Additionally, although the AUC was high, the wide confidence interval around specificity and the presence of publication bias—particularly for success and esophageal intubation rates—indicate potential selective reporting. Many studies with negative or neutral findings may not have been published. Moreover, the majority of studies had some concern in quality assessment domains, with two studies (Takeuchi and de Kock et al.) showing high risk of bias due to inadequate reference standards and selection issues. A further limitation is the inability to perform robust subgroup analyses based on operator experience, ultrasound technique, or equipment type due to the limited number of studies and inconsistent reporting of these variables. Future research with larger, more detailed studies will be needed to explore how these factors influence the diagnostic accuracy of POCUS. Future studies should employ standardized diagnostic frameworks and ensure blinding to reduce bias.
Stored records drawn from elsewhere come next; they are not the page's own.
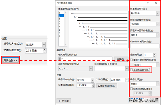 为了使后续编号呈现1.1……,1.1.1……等正规数字格式,我们需要把定义新多级列表的隐藏区域打开,进行进一步设置。打开隐藏区域的方法是点击,对话窗左下角的“更多”按钮,在出现区域中选择“正规形式编号”复选项。
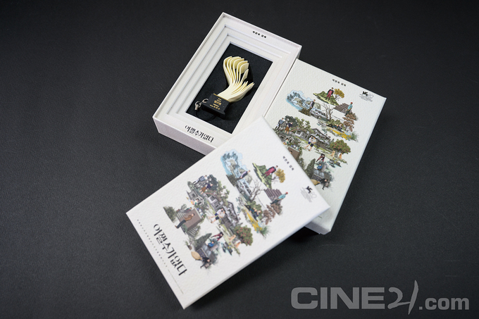 “<어쩔수가없다>는 개봉 전까지 보안이 아주 철저했던 작품이다. 영화를 보지 못한 것은 물론 줄거리도 파악하지 못한 채 작업해야 했다. ‘올해의 펄프맨상’ 트로피 모양의 키링을 만들어보자는 제안을 받았는데, 이 트로피가 영화에 어떤 맥락으로 등장하는지는 전혀 알 수 없었다! 그럼에도 납작한 평면으로는 트로피의 디테일을 보여줄 수 없겠다는 생각이 들더라. 금속이나 나무를 쓰는 방안 등 여러 가지 입체 제작 옵션을 떠올리다가 3D 모델링을 활용한 버전으로 발전시켰다. 트로피가 들어갈 박스 디자인도 고심했다. 관계자들에게 영화에 관한 힌트를 꼬치꼬치 묻다가 주인공 만수(이병헌)가 러시아의 마트료시카 인형처럼 여러 겹의 장갑을 꼈다가 벗는다는 이야기를 들었고, ‘순환’과 ‘반복’이라는 키워드를 얻었다. 덕분에 레이어가 많은 상자를 만들 수 있었다. 그 어느 때보다 많은 논의 끝에 완성한 굿즈라 각별하다.”
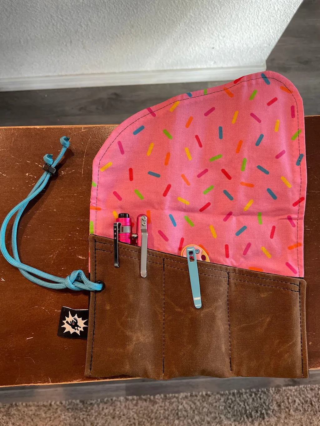 Waxed Canvas EDC Tool Roll. This is an Attack Cats original design. Nutmeg Brown Waxed Canvas is water resistant and has a nice heft to it. Inside you will find dessert warrior donut sprinkles, perfect for showing off your style. Imagine your collection splayed out on these rich, bright colors.
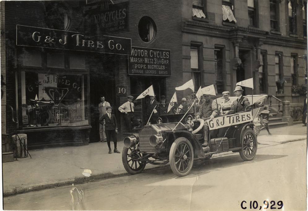 View of motorists in G & J Tires roadside assistance car during 1909 New York Motorcycle Club spring run through Brooklyn and Long Island, New York. Car, decorated with "G & J Tires" banner and flags, is parked in front of G & J Tires Company store. Sign on building: "Motor cycles, Marsh, Metz, 3 1/2 and 6 h.p., Pope bicycles, storage, lockers, baths." Stamped on back: "Spooner & Wells, Inc., photographers, telephones 3472-3473 Columbus, 1931 Broadway, New York." Handwritten on back: "Motorcycle races--New York Motorcycle Club spring run, 1909. G & J Tire car, NYMC meet, Hastings."
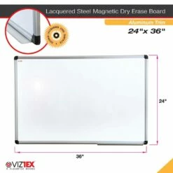 Floortex Viztex Lacquered Steel Magnetic Dry Erase whiteboard with aluminium frame, is a ceramic white writing surface provides superior color contrast and easy erase ability. The magnetic surface will not scratch, stain or ghost under normal use, but enables notices, bulletins and documents to be stuck to the board. Complete with 12” easy mount marker tray and full mounting kit with instructions and vertical or horizontal mounting options included. The magnetic surface provides a dual purpose writing and document mounting board. Perfect for use in the office, classroom or corridor. Excellent quality and exceptional value.

Our findings advocate for the broader integration of tracheal POCUS into neonatal intubation algorithms, especially in circumstances where capnography may be unreliable, such as in neonates with poor perfusion states or during chest compressions. Future research should prioritize RCTs comparing POCUS-guided confirmation versus traditional methods in emergency and elective neonatal intubations. Standardization of training protocols is essential, allowing for routine and evidence-guided management of neonates.

Conclusion

Real-time point-of-care tracheal ultrasonography is a highly sensitive and moderately specific tool for confirming the correct site of endotracheal tube placement in neonates in acute care settings. It offers rapid, bedside, radiation-free confirmation and may reduce the incidence of undetected esophageal intubation. While variability in technique and operator skill remains a limitation, the overall diagnostic accuracy and safety profile of POCUS support its increasing adoption in neonatal airway management protocols. Despite methodological heterogeneity across studies, this analysis provides the most comprehensive evidence to date supporting POCUS as a valuable adjunctive tool for neonatal endotracheal tube placement verification, while highlighting the need for standardized protocols and training programs. Larger, high-quality prospective studies and implementation trials are warranted to further consolidate its role and optimize training frameworks.